A quick quest in search of the evil weed leads slowly back to the garden
By Amy Stewart
I BOUGHT MY FIRST TOBACCO product recently. Not because Joe Camel's allure finally overpowered me, and not because I gave in to the Generation X cigar craze. And I wasn't trying to give Philip Morris a last-minute sales boost before the lawsuits settled and my blue-chip stock funds took a nose dive. Actually, I was buying tobacco for the garden.
It all started when my mother sent me a little booklet of homespun garden wisdom called Jerry Baker's Garden Magic: Hundreds of Motions, Potions, and Lotions For Your Lawn and Garden. Baker has created a cottage industry out of gardening tips such as "Roll up a newspaper and whack the heck out of your peach tree's trunk as the buds open.
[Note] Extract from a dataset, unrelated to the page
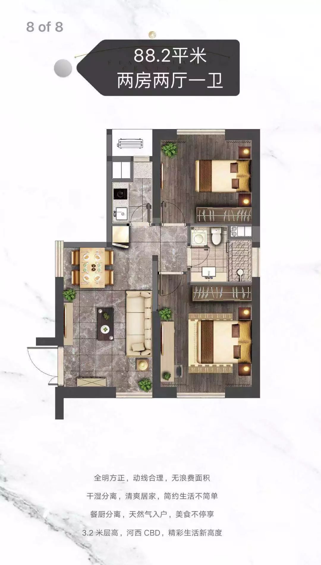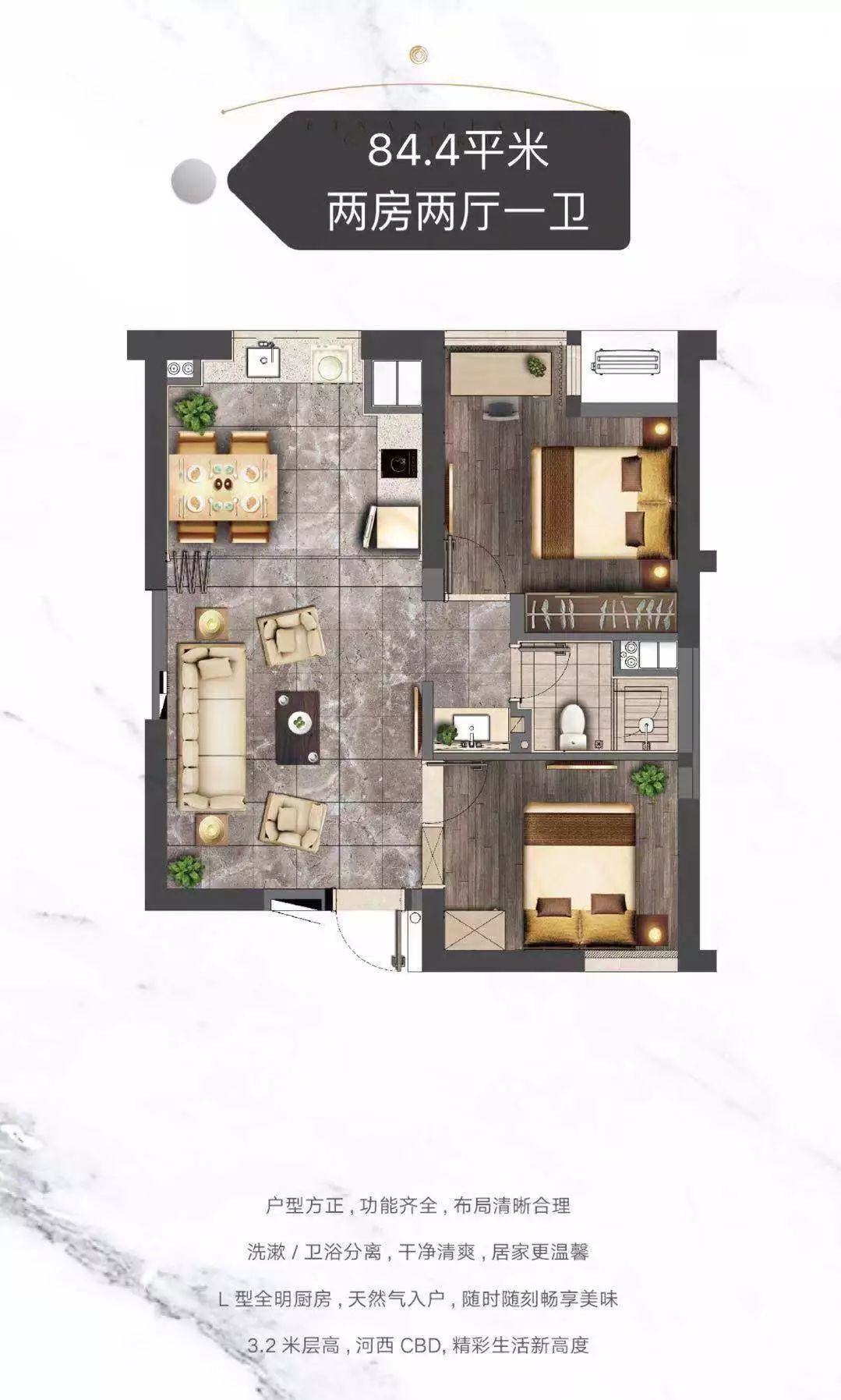 户型方正实用,布局紧凑;功能分区明显,干湿分明;客厅面宽4.4平米,采光条件优越;卫生间电热毛巾架人性化设计。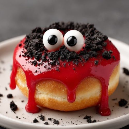 These Vampire Donuts are a spooky, no-fuss Halloween treat made with plain donuts dressed up in red icing, candy eyes, and black sprinkles for a playful, bloodthirsty look. Perfect for parties, after-school snacks, or family decorating nights.

This will stimulate sap flow." He also has conjured some magic gardening recipes out of ordinary household products such as beer, corn syrup and baby shampoo.
I decided to try the folklorist's "All Season Clean-Up Tonic." He claims that it will take care of fungus, aphids and a host of other pests and problems. This is where the tobacco purchase came in: The recipe called for, among other things, a sort of tea made from chewing tobacco.
I sent my better half out to Long's for toothpaste and a few other necessities. "Oh, and pick me up a can of Skoal while you're at it," I added casually.
He stared. "Uh ... a can of what?" Scott knows how much I hate the tobacco industry. If it were up to me, smoking would be banned altogether. Still, I was enjoying this little game.
"You know, dip. Chewing tobacco." He stared at me with that horrified "Who-are-you-and-what-have-you-done-with-Amy?" expression. I gave up.
"Oh, never mind, it's for the garden. Here, look," and I showed him the recipe. He left for town, a little uncertain of his moral obligation. He sounded relieved when he called from a pay phone and announced self-righteously, "Long's doesn't carry tobacco products of any kind."
No tobacco products? At a drugstore? Have I missed something? I worked at a drugstore like Long's in high school, and we devoted an entire row of the store to cigarette cartons, chewing tobacco and other smoking "accessories." When the regulars came in to pick up their asthma inhalers, I could reach for their pack of Salem without even glancing at the cigarette rack above the register. Where does one buy a can of chewing tobacco in PC Santa Cruz, anyway?
I tried Rick's Cigar Asylum. When I asked for chewing tobacco, the store clerk sniffed. "We only carry cigars and specialty cigarettes," she told me primly. I wanted to stay and ask her about the difference between a "specialty" cigarette and a Marlboro, figuring it probably had something to do with the difference between a microbrew and a Bud, but I was on a mission.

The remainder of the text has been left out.